Kemlu RI Minta Penjelasan Dubes Swedia soal Pembakaran Alquran
Kementerian Luar Negeri RI akan meminta keterangan dari Duta Besar Swedia untuk Indonesia Marina Berg, terkait insiden pembakaran Alquran di Stockholm, Swedia. Pemanggilan ini tindak lanjut setelah Indonesia mengecam aksi pembakaran Alquran di depan Kedutaan Besar Turki di Stockholm, Sabtu (21/1).
Juru Bicara Kemlu Teuku Faizasyah mengkonfirmasi rencana pemanggilan Duta Besar Swedia untuk RI. “Ya, waktunya menyesuaikan (jadwal) pejabat Kemlu RI dengan Dubes Swedia,” kata Faizasyah dikutip dari Antara, Selasa (24/1).
Pembakaran Alquran ini dilakukan oleh seorang ekstremis sayap kanan Swedia-Denmark. Kemlu mengatakan aksi tersebut merupakan penistaan kitab suci serta melukai dan menodai toleransi umat beragama.
“Indonesia mengutuk keras aksi pembakaran kitab suci Alquran oleh Rasmus Paludan, politisi Swedia, di Stockholm,” kata Kemlu RI melalui akun resminya di Twitter pada Minggu (22/1).
Menteri Luar Negeri Swedia Tobias Billstrom telah menanggapi insiden pembakaran Alquran di negaranya.
"Provokasi islamofobia sangat mengerikan. Swedia menjunjung kebebasan berekspresi, tetapi bukan berarti pemerintah Swedia, atau saya sendiri, mendukung pendapat yang diungkapkan," kata Billstrom di Twitter.
Billstrom sebelumnya mengatakan bahwa demonstrasi itu dapat meningkatkan risiko tertundanya pengesahan dari Turki atas permohonan Swedia untuk menjadi anggota Pakta Pertahanan Atlantik Utara (NATO).

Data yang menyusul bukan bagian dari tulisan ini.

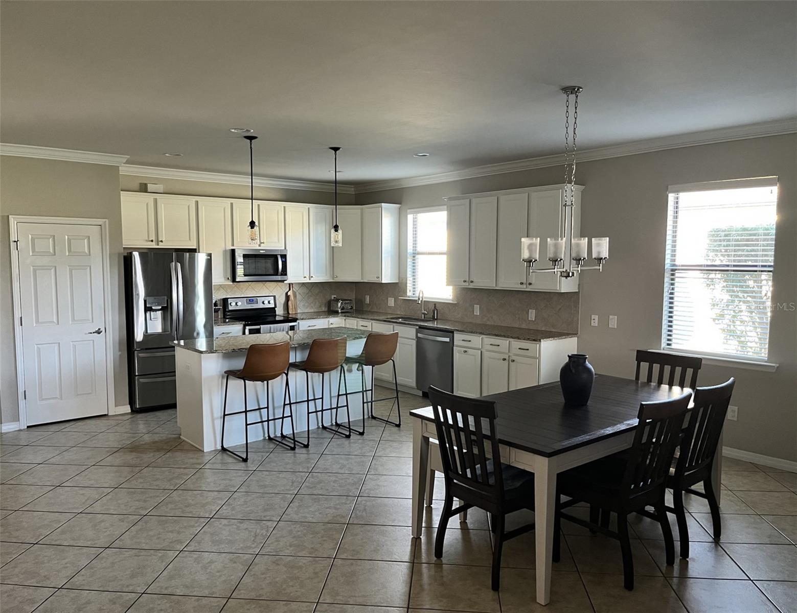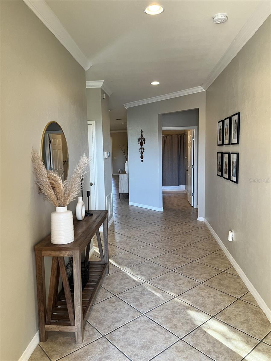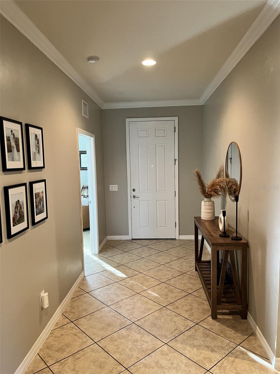 #NewYearNewHome Step into this perfect move-in ready home for the New Year! Nestled on a beautifully landscaped corner lot, this 4-bedroom, 2- bath gem offers a truly welcoming atmosphere from the moment you pull up. With its meticulously maintained exterior, paver driveway, and a fenced backyard that overlooks a serene preserve, you’ll feel right at home. As you enter through the large foyer, you’re greeted with recessed lighting, crown molding, and 18-inch tile laid diagonally, creating a bright and open feel throughout. The spacious, open-concept living area flows seamlessly into a gourmet kitchen featuring stainless steel appliances, a huge island, granite countertops, under-cabinet lighting, and ample pantry space. Plus, with oversized upper cabinets and slide-out drawers in the lower cabinets, storage and organization are a breeze. The master suite is a true retreat, offering a generous walk-in closet and a luxurious master bath with granite counters, dual sinks, and a huge walk-in shower. The 2nd and 3rd bedrooms are separated by a linen closet and share a large bath with granite countertops and dual sinks. The 4th bedroom at the entrance of the home offers flexibility—ideal for a den, office, or guest room. The laundry room features cabinets, utility sink and included washer/dryer for added convenience. Relax and unwind in the screened lanai, complete with pavers and stunning views of the pond, where you can watch birds and wildlife roam freely. The oversized 2-car garage includes a workbench, wood storage cabinets, and a utility sink, making it as functional as it is spacious. This home is hurricane-ready with impact glass throughout (no need for shutters), and is designed to be handicap accessible, with easy-maintenance tile in the main areas and wood laminate floors in the bedrooms. Plus, the home boasts a NEW Trane A/C unit installed in July 2023 for added peace of mind. Set in a highly sought-after neighborhood with low HOA fees, residents enjoy access to a playground, basketball court, and close proximity to Braden River High School and other top-rated schools. A dog park is conveniently located just outside the neighborhood. Shopping, dining, and entertainment are just minutes away at the UTC Mall area, and with I75 nearby, you’ll have quick access to all that Sarasota and the surrounding areas have to offer, including the stunning Gulf Coast beaches of Siesta Key, Lido Beach, and Anna Maria Island. Start the new year right in a home that combines luxury, comfort, and convenience—don’t miss your chance to make this stunning property yours!
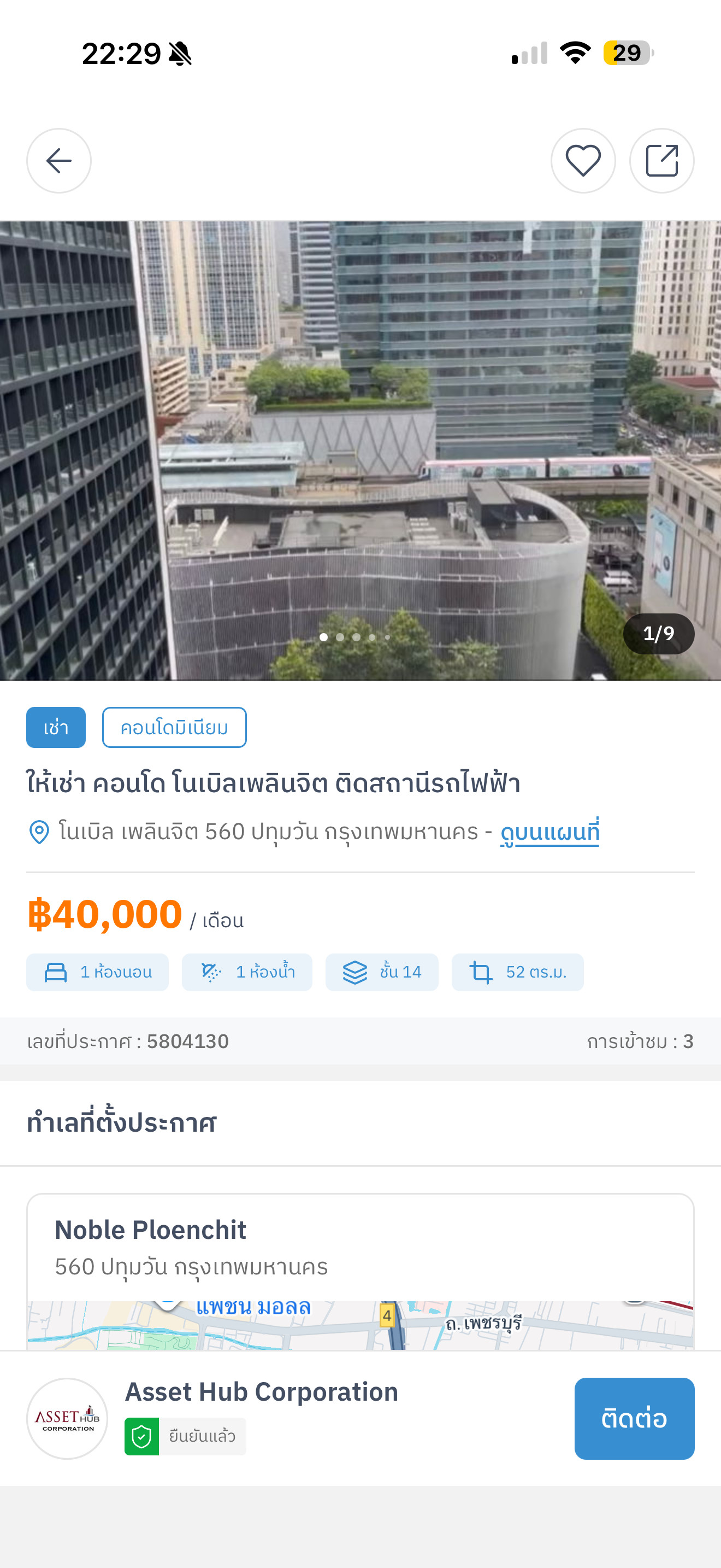 หาห้องให้ลูกค้าคอนโด 2 ห้องนอน แถว BTS เพลินจิต พร้อมชมพรุ่งนี้
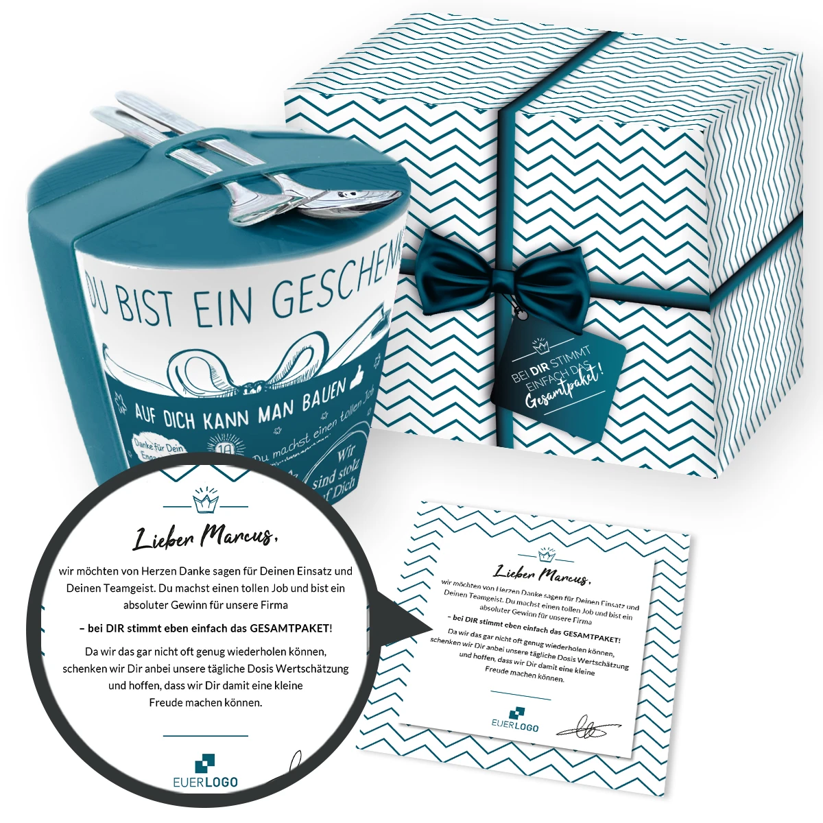 Stell Dir vor, wie einfach es ist, Deinen Mitarbeitern jeden Tag mit einer liebevollen Botschaft auf ihrer Lunchbox eine positive Pause zu schenken. Mit wunderschönen Botschaften verziert, bietet unsere Lunch2go-Schüssel nicht nur praktische Funktionalität, sondern auch emotionale Wertschätzung. Unsere Lunch2go-Schüssel ist nicht nur schön, sondern auch funktional – auslaufsicher, spülmaschinenfest und mikrowellengeeignet für ultimative Bequemlichkeit.
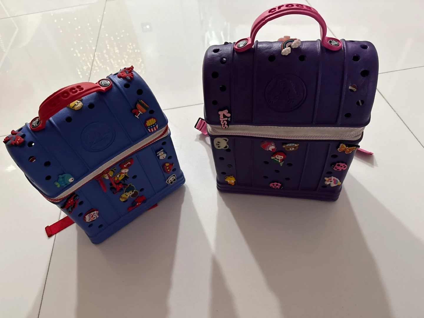 Two fun Crocs backpacks for kids. One is blue with red straps and Jibbitz, the other is purple with pink straps and Jibbitz. They're perfect for toddlers and young children to carry their essentials.
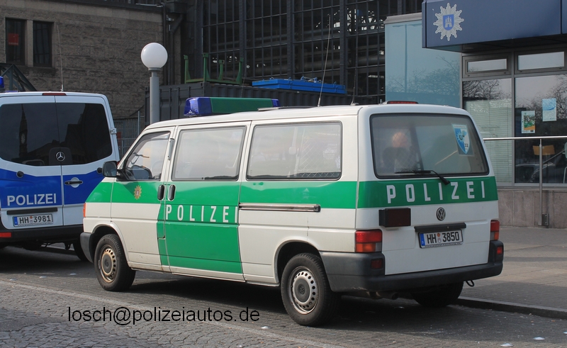 | Beschreibung: | Halbgruppenkraftwagen (HGruKW) der Hamburger Bereitschaftspolizei, ausgestattet mit 2 Schiebetüren und Anhaltesignalgeber am Heck. Im Gegensatz zu diesem T4 LR mit größerem Polizeischriftzug auf der Hecklappe. |
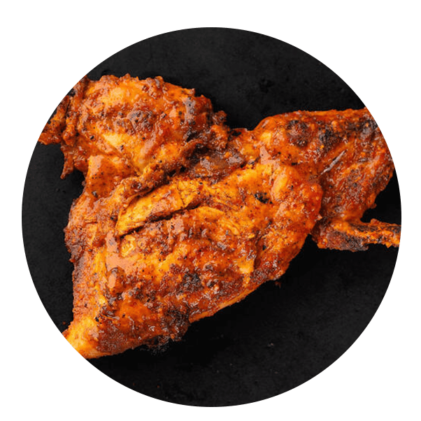 Enjoy the tasty and grilled 1/4 chicken basted in our Portuguese sauce
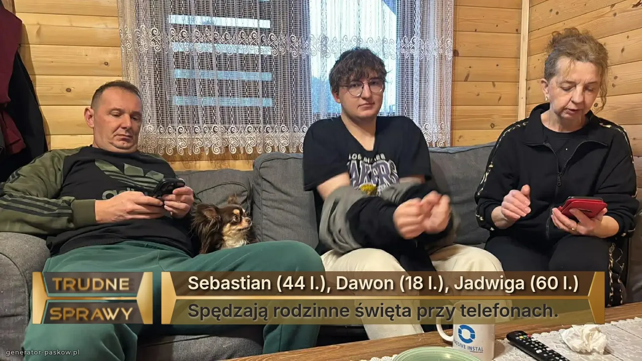 Sebastian (44 l.), Dawon (18 l.), Jadwiga (60 l.) Spędzają rodzinne święta przy telefonach.
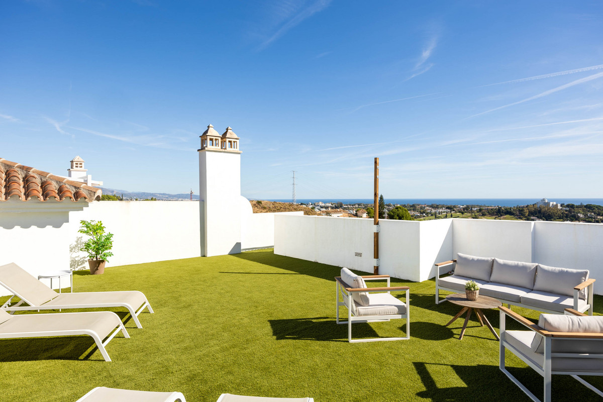 Découvrez un penthouse exceptionnel exposé plein sud à Paraiso Pueblo, Benahavís, où luxe et vue panoramique sur la mer se conjuguent harmonieusement. D'une superficie généreuse de 180 m², cette résidence entièrement meublée offre des intérieurs lumineux et spacieux, complétés par des espaces extérieurs extraordinaires qui sublimeront votre art de vivre.
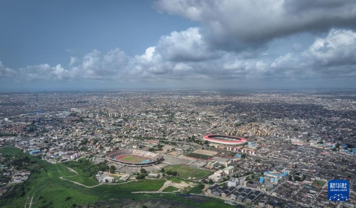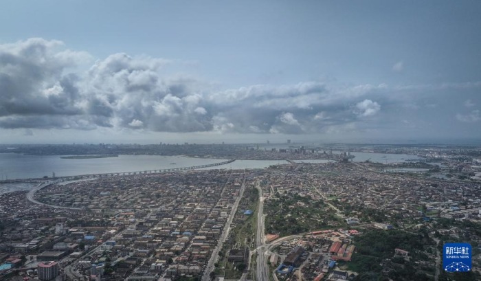 这是3月3日在尼日利亚拉各斯拍摄的城市风光(无人机照片)。新华社记者 韩旭 摄

Kantor berita Turki Anadolu melaporkan pemimpin Partai Stram Kurs (Garis Keras), Rasmus Paludan, membakar sebuah buku Alquran atas izin pemerintah dan perlindungan polisi.
Pemerintah Swedia disebut mengizinkan aksi pembakaran Alquran karena menilai bagian dari kebebasan berekspresi dan berpendapat.
Aksi pembakaran itu terjadi selama demonstrasi yang menentang permintaan Turki agar Swedia mengambil langkah tegas melawan Partai Pekerja Kurdistan (PKK), yang dianggap Turki sebagai kelompok teror.
Tahun lalu, Swedia dan Finlandia secara resmi mengajukan diri untuk bergabung dengan NATO.
Turki --yang merupakan salah satu anggota NATO-- menyatakan keberatan dengan rencana bergabungnya kedua negara karena dianggap menoleransi dan bahkan mendukung kelompok teror.